▸ Exercise goal: Copy the records below, from the line containing "Versace Dark Green" through the last line; leave out pictures.

▸ Data under study:
______________________________

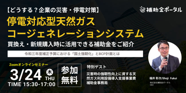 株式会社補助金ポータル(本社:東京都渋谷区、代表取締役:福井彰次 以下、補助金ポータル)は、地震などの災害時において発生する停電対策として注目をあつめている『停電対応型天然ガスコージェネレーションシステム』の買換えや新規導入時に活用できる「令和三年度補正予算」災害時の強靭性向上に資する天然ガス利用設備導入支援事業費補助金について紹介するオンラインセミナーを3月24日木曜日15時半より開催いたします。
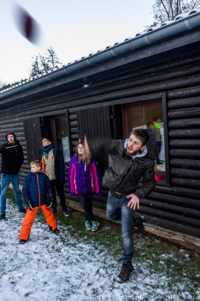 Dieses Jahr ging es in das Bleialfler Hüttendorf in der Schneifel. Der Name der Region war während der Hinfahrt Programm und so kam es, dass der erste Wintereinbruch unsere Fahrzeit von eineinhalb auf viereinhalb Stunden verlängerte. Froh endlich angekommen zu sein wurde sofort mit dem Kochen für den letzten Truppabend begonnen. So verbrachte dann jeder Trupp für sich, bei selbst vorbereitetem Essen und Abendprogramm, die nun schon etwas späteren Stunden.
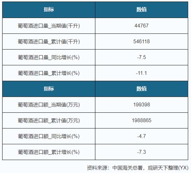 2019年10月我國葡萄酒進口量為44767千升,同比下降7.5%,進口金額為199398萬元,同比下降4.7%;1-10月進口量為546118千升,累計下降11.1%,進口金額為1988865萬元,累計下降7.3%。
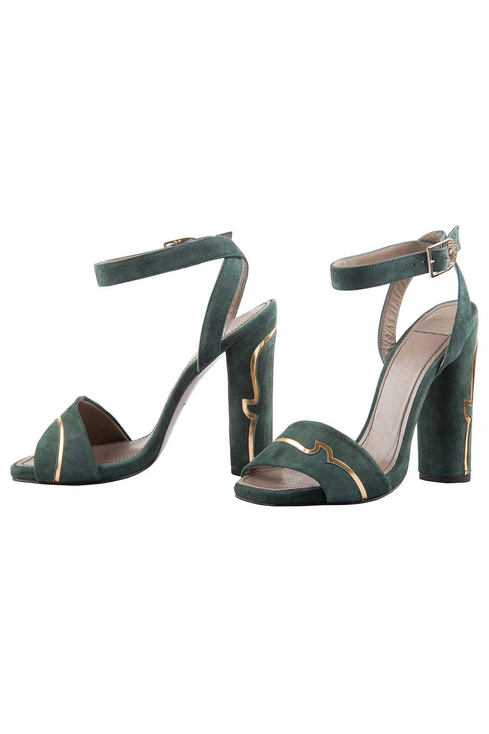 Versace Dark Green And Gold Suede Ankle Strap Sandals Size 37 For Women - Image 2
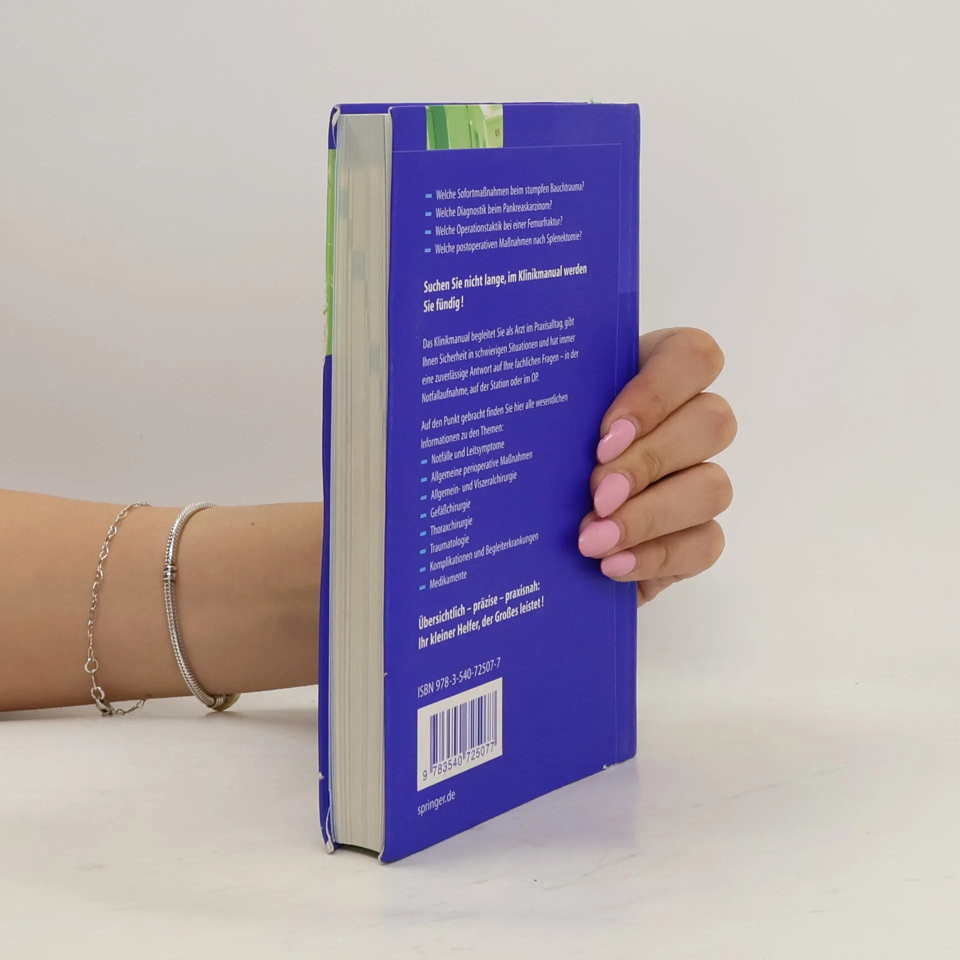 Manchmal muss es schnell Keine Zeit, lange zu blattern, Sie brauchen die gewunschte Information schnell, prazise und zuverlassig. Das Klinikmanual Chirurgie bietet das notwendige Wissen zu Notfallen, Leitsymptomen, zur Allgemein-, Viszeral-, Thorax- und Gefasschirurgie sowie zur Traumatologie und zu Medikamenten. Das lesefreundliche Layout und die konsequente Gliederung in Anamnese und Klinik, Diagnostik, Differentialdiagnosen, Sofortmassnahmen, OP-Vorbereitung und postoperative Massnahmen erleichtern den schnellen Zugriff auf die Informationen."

______________________________

▸ Exercise answer:
 Versace Dark Green And Gold Suede Ankle Strap Sandals Size 37 For Women - Image 2
 Manchmal muss es schnell Keine Zeit, lange zu blattern, Sie brauchen die gewunschte Information schnell, prazise und zuverlassig. Das Klinikmanual Chirurgie bietet das notwendige Wissen zu Notfallen, Leitsymptomen, zur Allgemein-, Viszeral-, Thorax- und Gefasschirurgie sowie zur Traumatologie und zu Medikamenten. Das lesefreundliche Layout und die konsequente Gliederung in Anamnese und Klinik, Diagnostik, Differentialdiagnosen, Sofortmassnahmen, OP-Vorbereitung und postoperative Massnahmen erleichtern den schnellen Zugriff auf die Informationen."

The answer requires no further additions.